# Going to Delaney seminar today



## tmanifold (Oct 2, 2004)

I am going to a Jeff Delaney seminar today. I will post later with some feedback.


Tony


----------



## Brian Johns (Oct 2, 2004)

A review would be appreciated.

Take care,
Brian Johns


----------



## tmanifold (Oct 2, 2004)

Here are a few impression. I will try to put together a full review later. The bulk of the day was spent on single stick traps, locks and disarms. The techniques all started witheither a one or two strike and we went from there.  The locks hurt. My wrists are still kind of red. A large emphasis was put on using the attackers stick to lock him. I liked that. One of the issues I have with some of the locks in MA is that they require the bad guy to hold on to his stick. Mr. Delaney was kind enough to show me some ways to flow through that kind of stuff.
As for Mr. Delaney's technique: I found it a little hard to replicate some of his movements as he is almost a foot taller than me. However, with some coaching I was able to get close enough that I could adapt it to my body type while still preforming the technique. the other thing I notice is that he is so relaxed. He mentioned in passing that he had started in the internal chinese styles and his MA was very similar to that. There was no force and all of a sudden he has you locked up.

It was a great seminar and it has increased my MA ability quite a bit today. I am glad I went.

Tony


----------



## Brian Johns (Oct 3, 2004)

Thanks for the condensed review and I'll be looking forward to your full review on this seminar. Sounds like you had a good time there.

Take care,
Brian


----------



## Guro Harold (Oct 3, 2004)

Glad you had a great time.

Hint: has anyone ran archive.org lately?


----------



## Datu Tim Hartman (Oct 4, 2004)

Palusut said:
			
		

> Hint: has anyone ran archive.org lately?



Why do you ask? :idunno:


----------



## Guro Harold (Oct 4, 2004)

Datu Puti said:
			
		

> Why do you ask? :idunno:


Do you recall when Kaith did so on their website some time ago?
If you do it again, you will find that several schools have been removed.


----------



## Guro Harold (Jan 12, 2005)

Is Ed Cordova still hosting Jeff? It doesn't appear to be so on Jeff's website.


----------



## dearnis.com (Jan 13, 2005)

Page shows about 22 schools; Ed's is not among them.  (Nor are several others from the SW that had been there).  Of course the school page also nites its last update in 07 of 03.
The membership has largely turned over since I left Jeff's organization, or at least it appears so.
As to the seminar contents, Jeff has a very extensive T'ai Chi background and it comes out a lot in his stick work.  I always enjoyed that flavor to it, but Jeff's body type, and the set of basics he draws on, can make his techniques difficult for some folks with a more conventional (ie hard style) background to follow.
Just some early morning pre-work thoughts....


----------



## Guro Harold (Jan 13, 2005)

dearnis.com said:
			
		

> Page shows about 22 schools; Ed's is not among them.  (Nor are several others from the SW that had been there).  Of course the school page also nites its last update in 07 of 03.
> The membership has largely turned over since I left Jeff's organization, or at least it appears so.
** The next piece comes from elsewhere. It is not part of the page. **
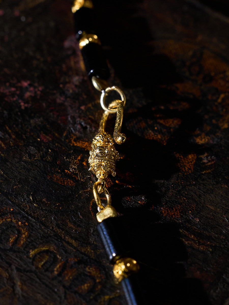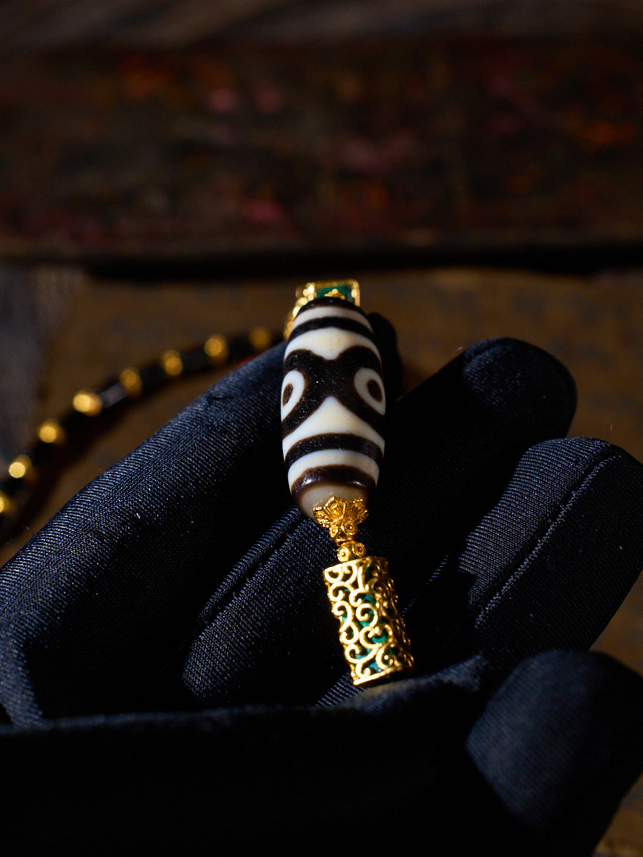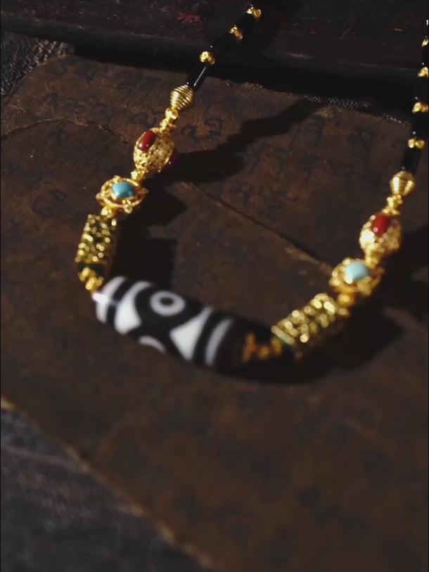 Handcrafted by skilled Tibetan artisans, the striking Panda Three-Eyed Dzi centerpiece is framed by sleek black agate tube beads for grounding protection, intricate 18K gold-plated filigree spacers inlaid with turquoise and red agate for authentic Tibetan elegance, and a secure gold lobster clasp for refined wearability. The bold contrast of black, white, and gold creates a powerful statement piece that honors centuries of sacred Tibetan craftsmanship.

It would appear so from archive.org as well.


----------



## GAB (Jan 13, 2005)

dearnis.com said:
			
		

> Page shows about 22 schools; Ed's is not among them. (Nor are several others from the SW that had been there). Of course the school page also nites its last update in 07 of 03.
> The membership has largely turned over since I left Jeff's organization, or at least it appears so.
> As to the seminar contents, Jeff has a very extensive T'ai Chi background and it comes out a lot in his stick work. I always enjoyed that flavor to it, but Jeff's body type, and the set of basics he draws on, can make his techniques difficult for some folks with a more conventional (ie hard style) background to follow.
> Just some early morning pre-work thoughts....


Hi,
Could you be a little more to the point on body type???

Are we talking lean and mean or overweight and struggling?

Who is who and what is what???

Regards, Gary


----------



## dearnis.com (Jan 13, 2005)

To answer the question (briefly) Jeff is quite tall and lanky; long torso and long limbs.  (Actually the same body type as my T'ai Chi instructor from many years ago, probably why I see so much of that art in Jeff's motion.

My intent in the above post was to respond to palasut's comment about the web page and to add some of my thoughts to Tony's observations (concurring with what he observed).

I do not intend to get into bashing JD; we had a few threads doing so a few years back and it is not really productive.


----------



## Guro Harold (Jan 13, 2005)

dearnis.com said:
			
		

> I do not intend to get into bashing JD


Same here.


----------